Последние годы и месяцы царствования Александра II Победоносцев воспринимал как «роковое падение в какую-то бездну».


Только что назначенный обер-прокурор Синода со страхом наблюдал, как самодержавная монархия готова сама выпустить власть из рук своих. Гибель императора тяжко поразила Победоносцева: дети убили отца, пусть далеко не лучшего, но отцов не выбирают. Однако случившееся — не только горе и позор, это еще и наказ Божий. И наказ этот надо понять, чтобы спасти Россию. «Неужели все пойдет по-прежнему? — т. е. опять будут разговоры о парламентском «громоотводе», о либерализации, конституции», — восклицает Победоносцев.

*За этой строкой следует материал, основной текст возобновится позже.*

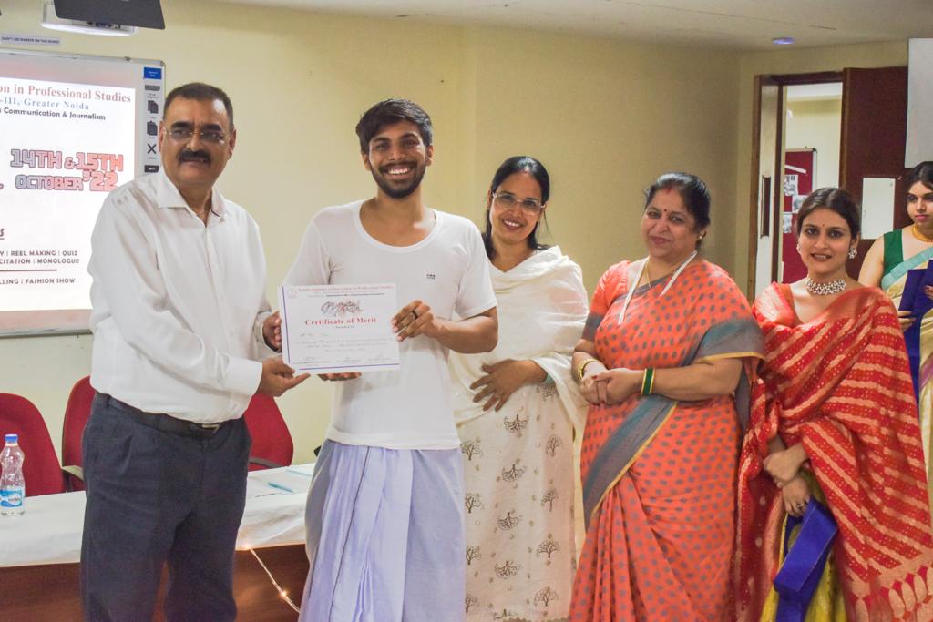 The event was formulated by Ms. Anisha Thakur and Mr. Mohit Mudgal (faculty) & student coordinators of the BAJMC department. The two-day event included a plethora of competitions such as Debate, Reel making, Stand up Comedy, Storytelling, Quiz, Face painting, Photography, Poetry recitation, and a Fashion show. At the end , winners of the event were given prize by the Director Dr R K Tewatia and the faculty members.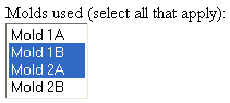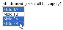 When you use the HTML_PARSE command with a type of "multiple" and an id/name of "item6" to retrieve the values selected from this list, it will return a tab-delimited string of the text between the <option> and </option> tags that correspond to the options selected by the user – "Mold 1A", "Mold 1B", "Mold 2A" and/or "Mold 2B" (or return a blank string if nothing is selected).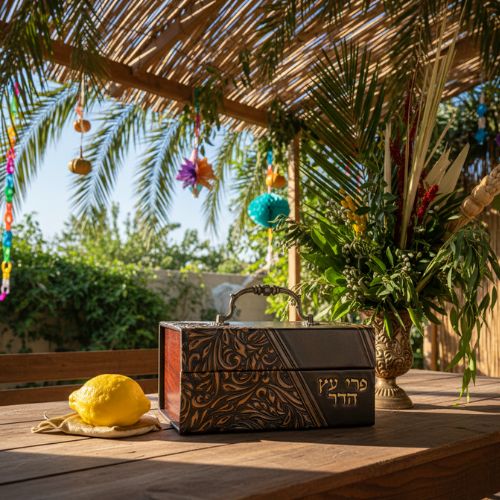 קופסא לאתרוג עץ ועור עם ידית מתכת דגם עלים 12X20X1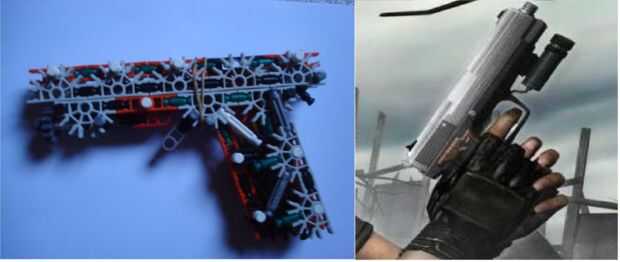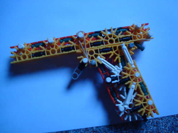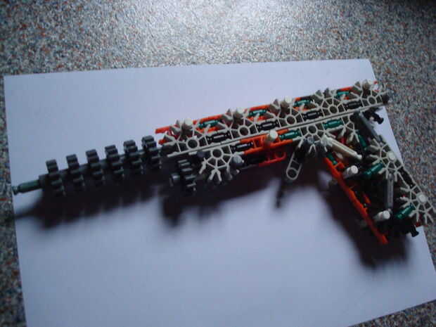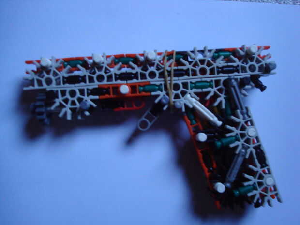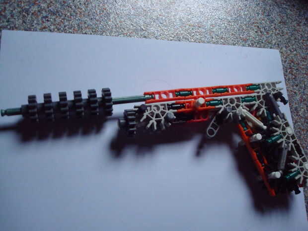 imagen 6: la misma pistola, hacer con conectores gris/negro! es igual como la pistola de amarillo y naranja, pero con diferente coler estos conector puede ser aficionado en la Knex Alife! Dragon set (para mal, ya no es para saile.)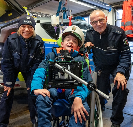 Leuchtende Augen und ein begeistertes Lachen: Die Überraschung für Nico Schweizer aus dem Bethel-Haus Noah ist gelungen! Gemeinsam haben die Bielefelder Polizei und Feuerwehr dem Jungen einen unvergesslichen Nachmittag bereitet.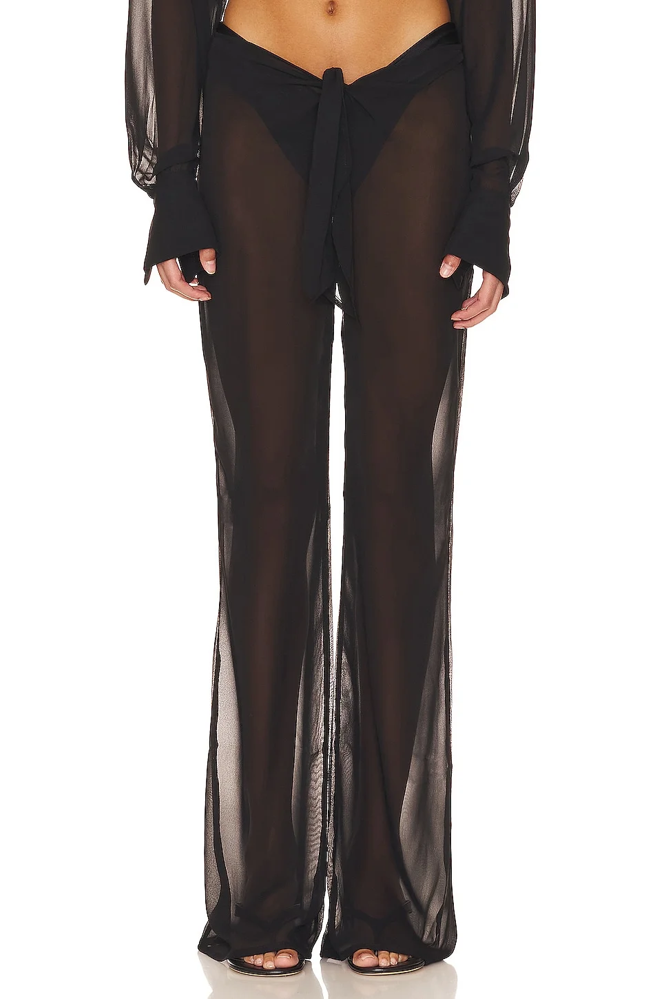 - 100% polyester - Made in Thailand - Hand wash - Front tie closure with draped detail - Sheer mesh fabric.16" at the knee breaks to 22" at the leg opening - Revolve Style No. BANH-WP9 - Manufacturer Style No. 231703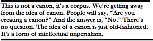 This is not a canon, it’s a corpus. We’re getting away from the idea of canon. People will say, “Are you creating a canon?” And the answer is, “No.” There’s no question. The idea of a canon is just old-fashioned. It’s a form of intellectual imperialism.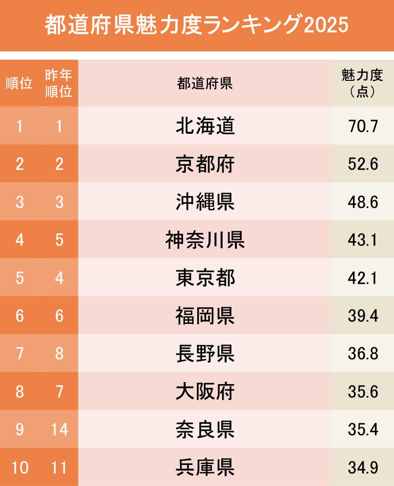 2025年の調査では20~30代で評価が上昇した一方、40代以上は横ばいにとどまり、世代間の認識の差が鮮明になった。上位常連の北海道、京都府、沖縄県の伸び率が伸び悩むなか、神奈川県や奈良県などの躍進が象徴的である。今後も、各地域がどのように魅力を発信していくのか、引き続き注目していきたい。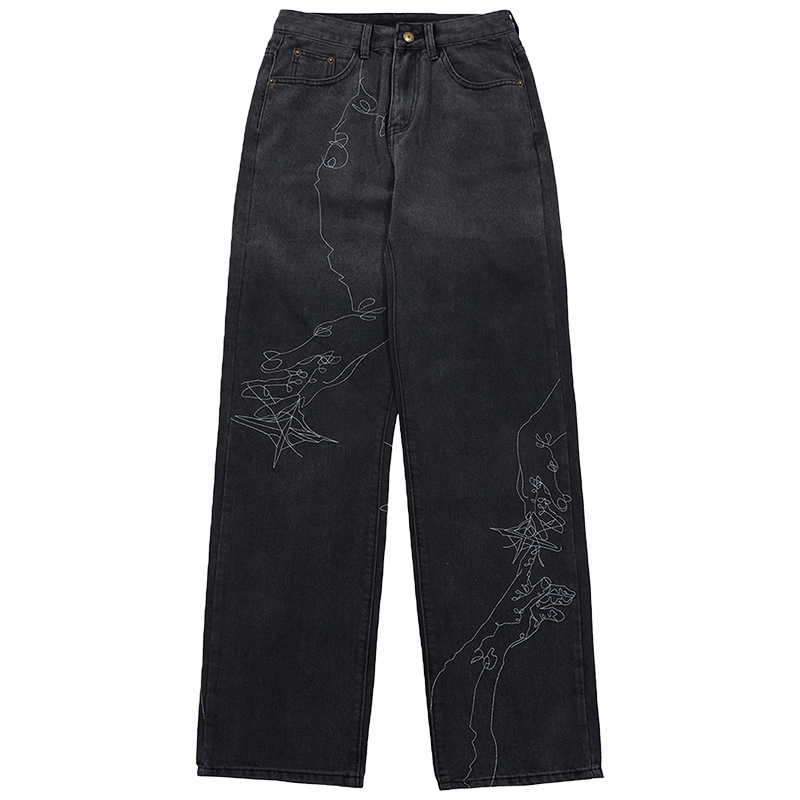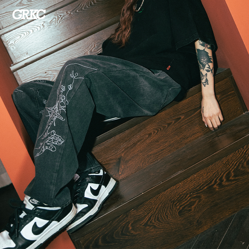 GRKC Genesis Gradual Layers Denim Pants National Tide Card Street Hip Hop Fashion Couple Men And Women Loose Casual Long Pants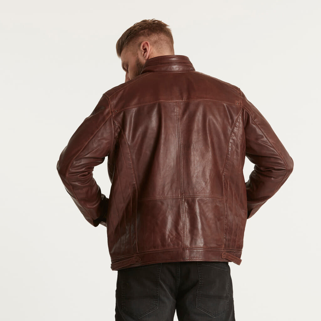 Eine robuste Biker-Lederjacke aus Lammfell in der Farbe Bronze, sehr anschmiegsame weiche Lederjacke. Ausgestattet mit Innen- und Außentaschen.

В сложившихся обстоятельствах он видел только один путь к спасению страны — укрепление самодержавной власти. «Дьявольским словом соблазна звучало предложение ослабить ответственность, разделить власть, отказаться от жертвенного пути и забыться в «блеске правления» монарха, «царствующего, но не управляющего»», — полагал Победоносцев. Но в мае 1882 г. эта идея готова была войти в плоть государственной политики с подачи графа Игнатьева, министра внутренних дел, подготовившего проект манифеста о созыве Земского собора для «великого единения царя и земли: единения в любви, уже не только властной и покорной, но и советной». Собор рассматривался многими либералами как первый шаг к конституционной монархии в России.


Александр III передал проект манифеста своему наставнику, и тот, «прочитав эти бумаги… пришел в ужас при одной мысли о том, что могло бы последовать, когда бы предложение графа Игнатьева было приведено в исполнение». Для Победоносцева Земский собор — исторически отживший, анахронический институт.


Он считал, что по мере упадка духовности русский народ утрачивает даже элементарные способности к самоуправлению, о чем свидетельствует упадок общины: «Местное крестьянское управление или самоуправление до того расстроено, что повсюду иссякает правда. Власти, разумно действующей, нет, слабые не находят защиты от сильных, а силу захватили в свои руки местные капиталисты, т. е. деревенские кулаки-крестьяне и купцы, кабатчики и сельские чиновники, т. е. невежественные и развратные волостные писари». Крестьяне в таких условиях потеряли интерес к самоуправлению и начали стихийно отказываться от него. Они не имели никакого уважения к тем, кого сами выбирали и наделяли властью, уважая только ту власть, которая от них не зависела.


Упадок самоуправления — видимое проявление духовной деградации русского народа, с которой власти, сознающей правильные начала общественного бытия, необходимо бороться всеми силами. А как раз эту власть и стремятся ослабить, ограничить в возможностях энтузиасты созыва Земского собора. Причем ограничить волей того самого народа и образованных людей (интеллигенции), которые сами тяжело духовно больны и не могут самоуправляться даже в малых коллективах.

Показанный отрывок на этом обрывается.